Drone-guard: A self-supervised deep learning framework for real-time spatiotemporal anomaly detection in UAV surveillance systems
Wassim Sliti, Olfa Besbes,
Drone-guard: A self-supervised deep learning framework for real-time spatiotemporal anomaly detection in UAV surveillance systems,
Neurocomputing,
Volume 653,
2025,
131168,
ISSN 0925-2312,
https://doi.org/10.1016/j.neucom.2025.131168.
(https://www.sciencedirect.com/science/article/pii/S0925231225018405)
Abstract: Anomaly detection is a cornerstone of intelligent video surveillance, facilitating the early identification of irregular or potentially dangerous events. While deep learning has significantly advanced this domain, current approaches often face a fundamental trade-off between detection accuracy and computational efficiency. High-accuracy models are typically computationally intensive and unsuitable for real-time deployment on resource-constrained platforms such as Unmanned Aerial Vehicles (UAVs). Conversely, lightweight alternatives often lack the representational capacity to model complex spatiotemporal patterns in dynamic environments.
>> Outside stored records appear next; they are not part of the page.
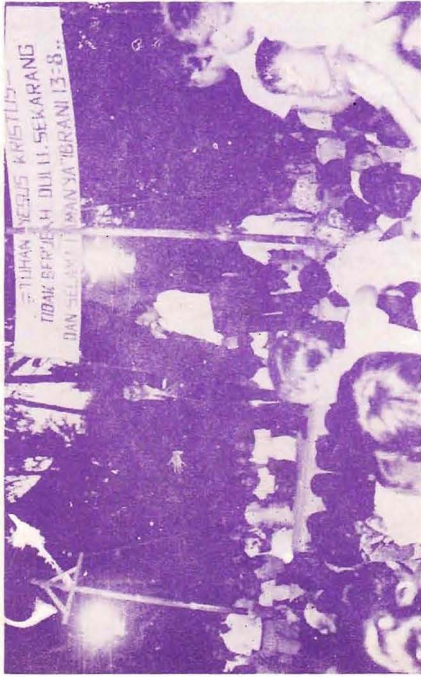
Darto delivering the message and the Truth of the Lord Jesus Christ at an evangelistic and healing campaign in Center Java 1976.
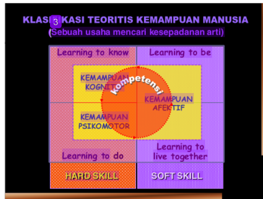
Fig 1. The learning process

In the practice of learning, learning resources must be developed in the presence of the above pillars and make the paradigm a lifestyle (life skill). The learning process will run optimally if we succeed in building skills known as cognitive ability, affective ability, and psychomotor ability. As seen from this scheme.
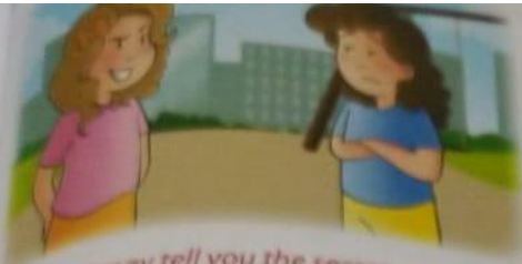
I may tell you the secret.
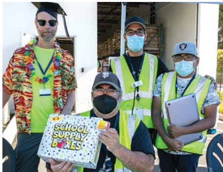
▲ Volunteers and staff ensure that clients are helped quickly and safely!
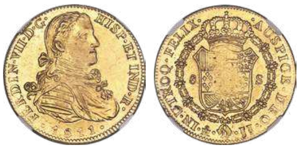
31964 Ferdinand VII gold 8 Escudos 1811 Mo-JJ AU58 NGC , Mexico City mint, KM160. A scarce type and grade, nicely toned with mint luster in the legends, and just the slightest doubling along the bust. Reserve: $2,000
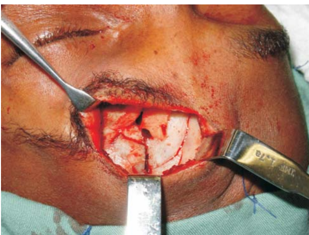
FIGURE 3 - Superciliary surgical approach and fracture exposition

The incision was accomplished deep to the muscular plane. To obtain elasticity without glabellar skin incision, the cutaneous tissue of this area was released by incision of the muscular and periosteal planes until the median line (Figure 3).
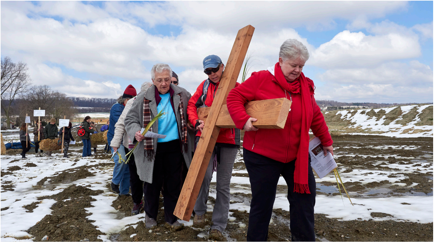
Members of the Adorers of the Blood of Christ and their supporters.

“As religious women of the Catholic Church, our faith impels us to stand up when the principles we hold sacred are compromised on the very land that is ours...This is not a political statement but a spiritual stand as people of faith.”
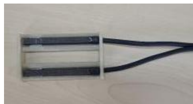
Fig.7.7 Leakage Sensor
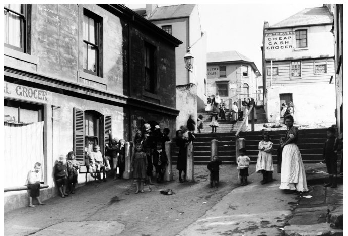
Cumberland Place in 1901

Early maps show a lane on the alignment of the Cumberland Place steps as early as 1807. They lead into Gloucester Street. You are now in a network of streets and laneways that form the heartland of old residential Sydney.
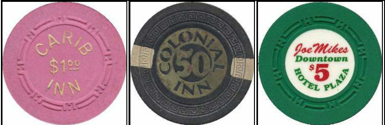
Carib Inn, PR
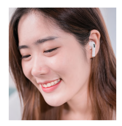
Automatic volume and EQ adjustment of audio

The following partner companies will feature select Alango demonstrations:
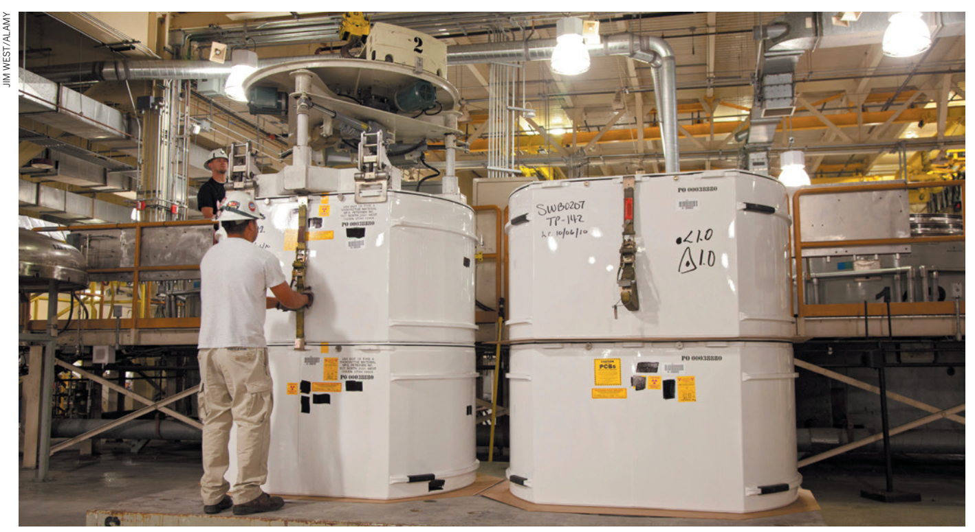
Drums containing contaminated materials from the US nuclear-defence programme are stored at the Waste Isolation Pilot Plant in New Mexico.

CONSERVATION Europe's refugee fences will isolate and entangle wildlife p.156

To address this challenge, we present Drone-Guard, a self-supervised deep learning framework designed for real-time spatiotemporal anomaly detection in UAV surveillance systems. Drone-Guard introduces three core contributions: (1) a lightweight encoder-decoder architecture with multi-stage feature extraction to jointly capture fine-grained and high-level spatial structures; (2) a novel Multi-Scale Grouped Query Attention (MS-GQA) mechanism for efficient fusion of hierarchical spatial and temporal features, enabling context-aware anomaly modeling; and (3) a Residual Vector Quantization (RVQ) module that enhances latent representation compactness and reconstruction fidelity, crucial for discriminative anomaly detection. To overcome the lack of labeled anomalies—a central limitation in self-supervised learning—we further propose a latent-space pseudo-anomaly synthesizer. This component perturbs the learned representations of normal samples to generate synthetic anomalies, thereby facilitating effective decision boundary learning without requiring manual annotations. Extensive experiments and ablation studies on multiple benchmark datasets demonstrate that Drone-Guard outperforms state-of-the-art methods in both accuracy and efficiency. Its low computational footprint and robust anomaly localization capabilities make it well-suited for real-time deployment in edge-aware, IoT-enabled UAV surveillance applications. The source code and pre-trained models of the proposed framework are publicly available at: https://github.com/slitiWassim/Drone-Guard.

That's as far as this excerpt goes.